The penalty would increase to $110,000 where an organisation became involved in any wrongdoing.

While face coverings currently only have to be removed for police to confirm someone’s identity post-arrest, the new restrictions would mean the threshold would be lowered to include all suspects.

The announcement of the measures follows an outpouring of solidarity by Bondi’s lifesaving community on Saturday morning.

Hundreds of volunteers stood hand in hand with the beach’s world-famous lifeguards, lining almost the entire kilometre-long shoreline.

The red and yellow front, punctuated by the lifeguards in blue, paid tribute to the 15 civilians killed during Sunday’s Hanukkah celebrations at Bondi.

Their two-minute silence hung heavy over the beach, as the rhythm of the waves beat against the sand bank.

“The emotions are extremely raw for everyone and it’s very hard,” Waverley Council lifeguard services co-ordinator Daniel McLaughlin said.

“We do a lot of training knowing these emotions are the normal reaction to a horrific, traumatic event.

“But that doesn’t make it easy.”

Volunteers hugged and cried together in the aftermath of the silence, many reflecting on the people around them touched by the shocking violence.
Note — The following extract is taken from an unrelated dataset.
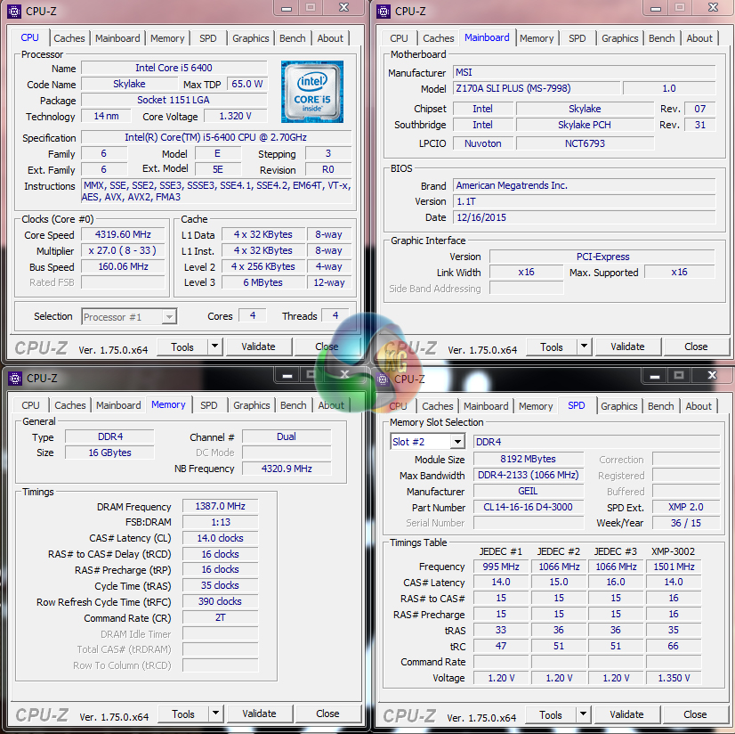 Our highest stable result was a CPU and Cache frequency of 4.32GHz using a 160MHz BCLK. We were also able to use a 2773MHz DDR4 frequency with this BCLK level. That's a 60% overclock from the i5-6400's 2.7GHz base frequency.

Members of the Bondi Surf Life Saving club and lifeguards ran into the fray on Sunday when they heard the gun shots ring out.

Some offered shelter while others provided medical care to those who had been shot.
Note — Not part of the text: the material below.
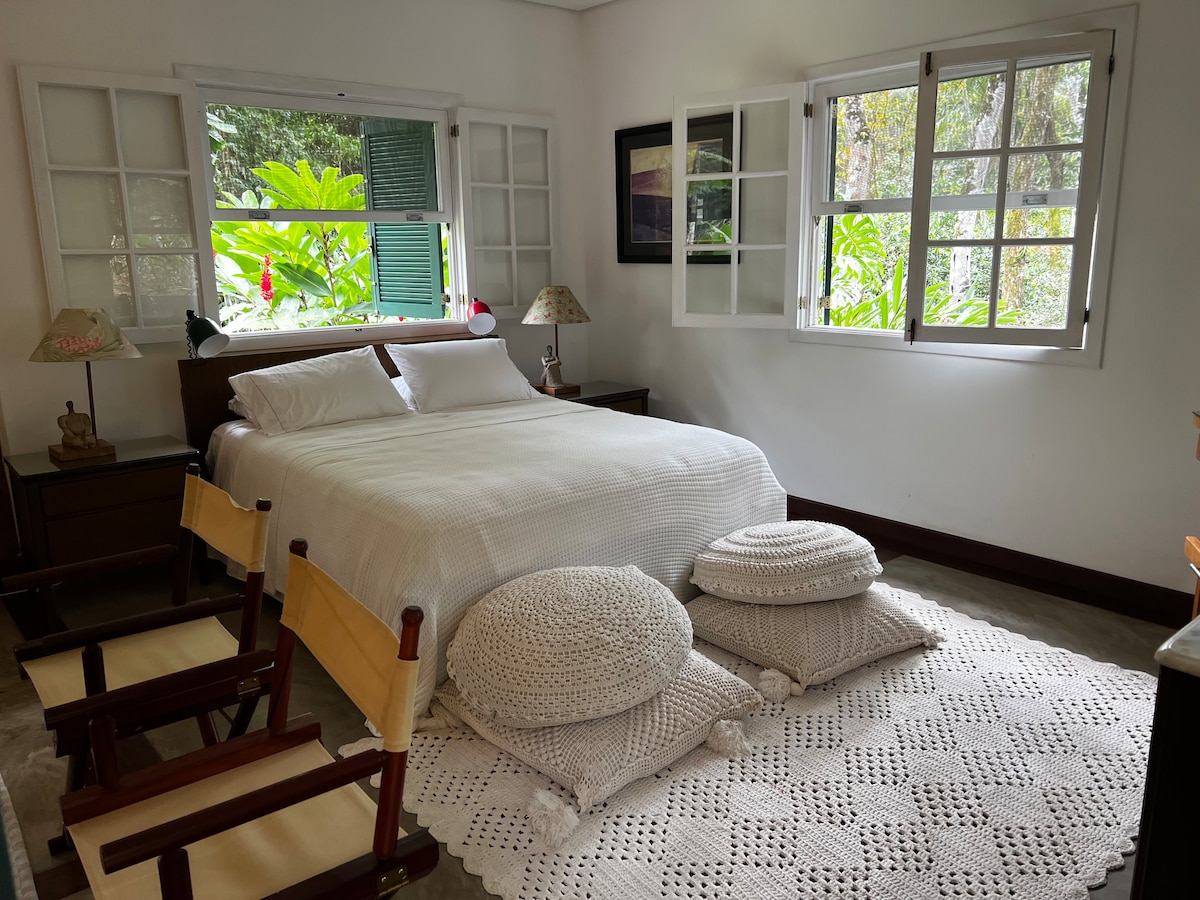 In einer edlen, bewaldeten und sicheren Gegend von Paraty gelegen, bietet Ihnen unser Chalet ein einzigartiges Erlebnis der Integration in die Umgebung. Ideal für einen Kurzurlaub in Ruhe. Nur 5 Autominuten vom historischen Zentrum und 25 Minuten zu Fuß entfernt, genießt unser Chalet eine strategische Lage. Es ermöglicht einen direkten Zugang zur Straße zu den Stränden und vermeidet so die Staus des Stadtzentrums in der Hochsaison.

Many are still decompressing from the events, and Mr McLaughlin acknowledged it would be some time before a sense of normalcy returned to the beach.

But he refused to focus on the negative.

“The Australian spirit of bravery and pride came out that day,” the lifeguard said.

“As a community, we will show strength and plant that foot forward and keep going.”

Victims of the shooting are still being treated, with 15 remaining in hospital.

The NSW government is also set to introduce snap changes that will give the police commissioner powers to suspend the state’s protest authorisation system after a terrorism incident.

The declaration would last two weeks and could be renewed for up to three months.

It could be applied to specific locations or statewide.

But the proposed laws, set to be rushed through a special sitting of NSW parliament next week, are likely to be immediately tested in court.

“These are far too broad powers for the police commissioner,” NSW Council for Civil Liberties president Tim Roberts said.

“The banning of protests will not stop anti-Semitism.”

Jews Against the Occupation ’48 and Greens MP Sue Higginson also came out against the changes.

“Restricting the civil liberties of all Australians due to the actions of two depraved terrorists with guns is not conducive to social cohesion,” Ms Higginson said.

Jewish peak bodies have praised the changes but say more needs to be done to combat anti-Semitism specifically.

“The right to protest is an Australian value but so is letting us come together without harassment and intimidation,” NSW Jewish Board of Deputies president David Ossip said.

NSW parliament struck down other protest restrictions earlier this year.

When asked if he was confident his new laws could withstand a court challenge, Mr Minns insisted they were robust.

The state’s Supreme Court can hear urgent applications, including protest matters, every day of the year.